Gold was discovered in the Yukon in 1896, but word of the Klondike discovery did not reach the Lower 48 until June 1897. Thousands of prospectors rushed to the area that summer. Politkofsky was part of that rush in a hastily organized effort to reach the gold fields.

The Yukon Transportation Company was incorporated on 31 July 1897. It organized a flotilla to sail from Seattle to St. Michael, Alaska, at the mouth of the Yukon River. The sidewheel steamer Eliza Anderson sailed with 125 passengers aboard. She was accompanied by the tug Richard Holyoke, which towed the schooner William J. Bryant with 27 passengers, the steamer W. K. Merwin, and Politkofsky. Politkofsky was loaded with coal to fuel the engines of Eliza Anderson and Richard Holyoke, 14 passengers, and a shallow-draft scow. Once the flotilla reached the Yukon, the men were to ascend the river to the gold fields on W. K. Merwin, and Politkofsky's scow. The vessels left Seattle on 10 August 1897.
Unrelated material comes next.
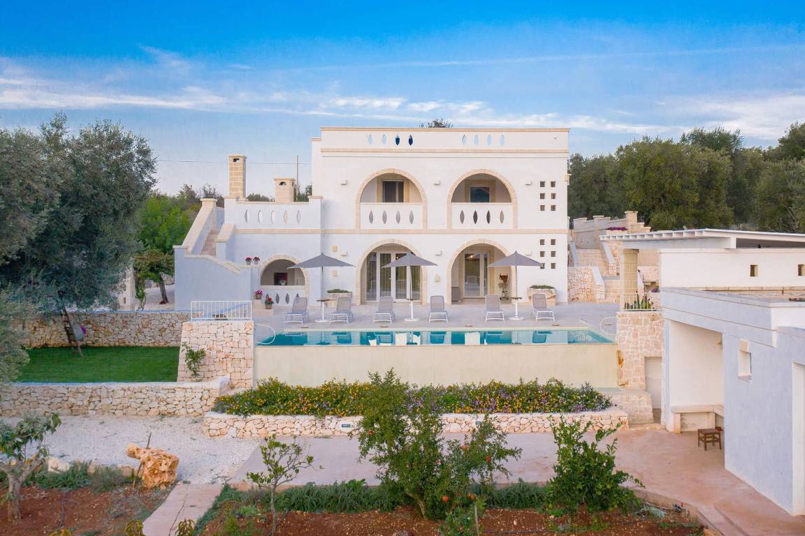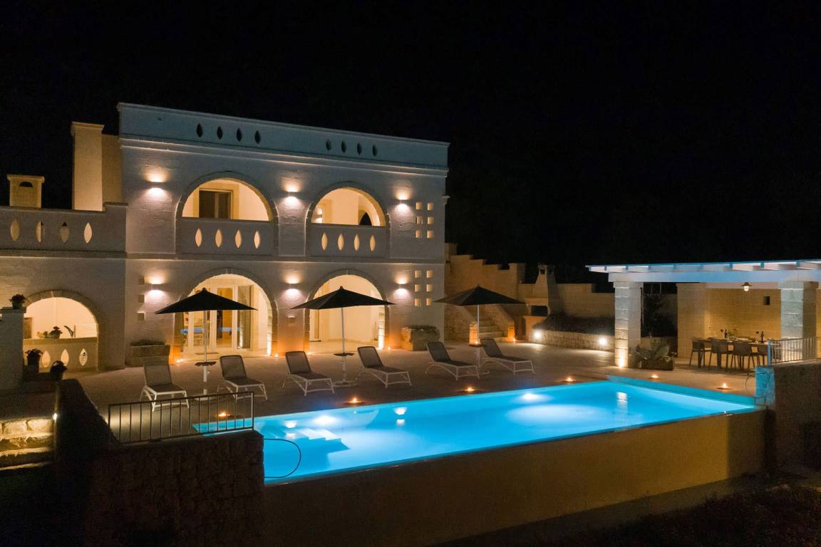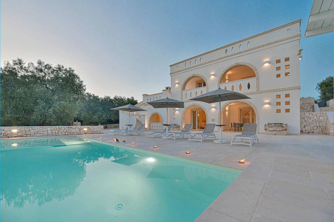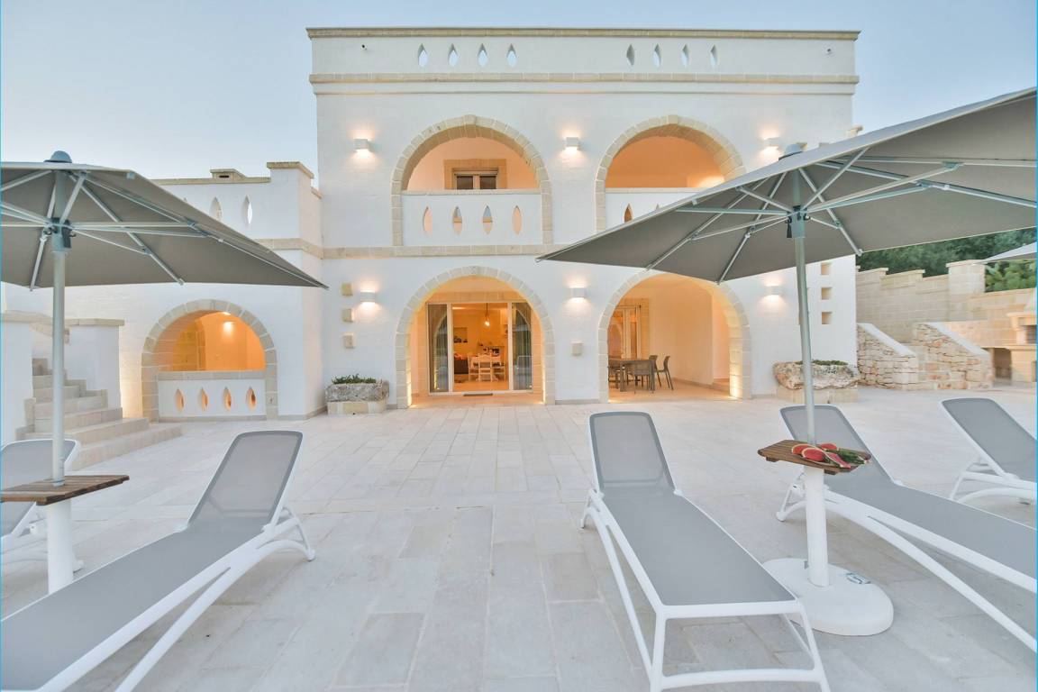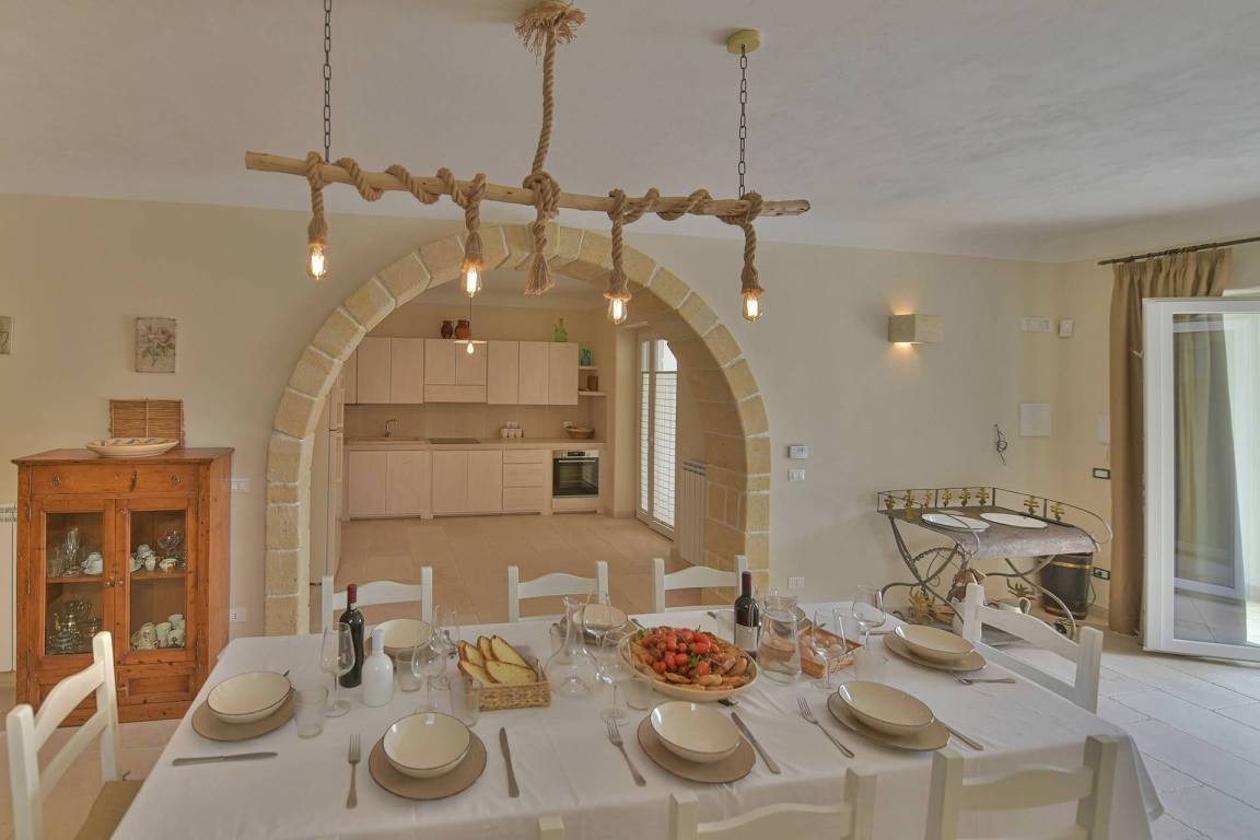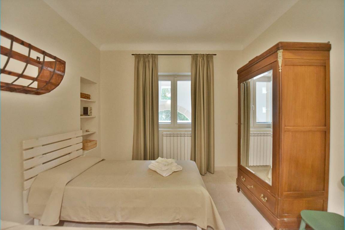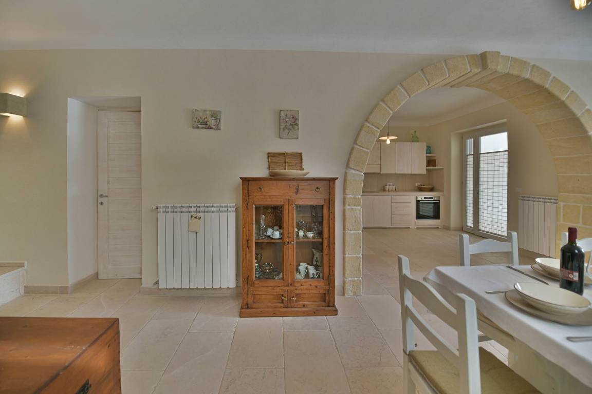 Die Masseria erstreckt sich über 2 Geschosse, bietet Platz für maximal 8 Gäste und verfügt über 4 Schlafzimmer und 3 Bäder. Das Erdgeschoss öffnet sich zu einem großzügigen und hellen Wohnbereich mit Blick auf den Pool, der mit komfortablen Sofas einschließlich eines umwandelbaren Doppelschlafsofa ausgestattet ist. Der Wohnbereich verfügt über einen Kamin mit offenem Herd und eine vollständig ausgestattete Küche mit Nespresso-Kaffeemaschine und weiteren Geräten. Eine externe Treppe verbindet das Erdgeschoss mit dem ersten Obergeschoss, wo sich die 3 Schlafzimmer befinden. Zwei dieser Zimmer sind mit Doppelbetten ausgestattet, das dritte mit 2 Einzelbetten, die auf Anfrage zusammengefügt werden können. Jedes der 3 Schlafzimmer verfügt über ein eigenes en-suite Bad mit Dusche.

The fleet sailed up the inside passage until it reached Dixon Entrance. There it turned into the Gulf of Alaska and encountered a storm which separated Eliza Anderson from the rest of the ships. Richard Holyoke reached Dutch Harbor, with her tows on 26 August 1897, and finally St Michael on 8 September 1897.

=== North American Transportation and Trading Company ===
Politkofsky remained documented with Federal authorities through 1901. During a storm in 1903, Politkofsky broke loose from her mooring and was washed ashore on the beach at St Michael.

== Remains ==
The ship's steam whistle was installed at a number of lumber mills, including the Simpson Logging Company. It reached the University of Washington powerhouse in time to signal the opening of the Alaska-Yukon-Pacific Exposition in 1909. It was sounded by President William Howard Taft using a telegraph signal. It was sounded again, this time by President John F. Kennedy, to open the 1962 Century 21 Exposition in Seattle. The whistle was donated to the Puget Sound Maritime Historical Society where it remains today.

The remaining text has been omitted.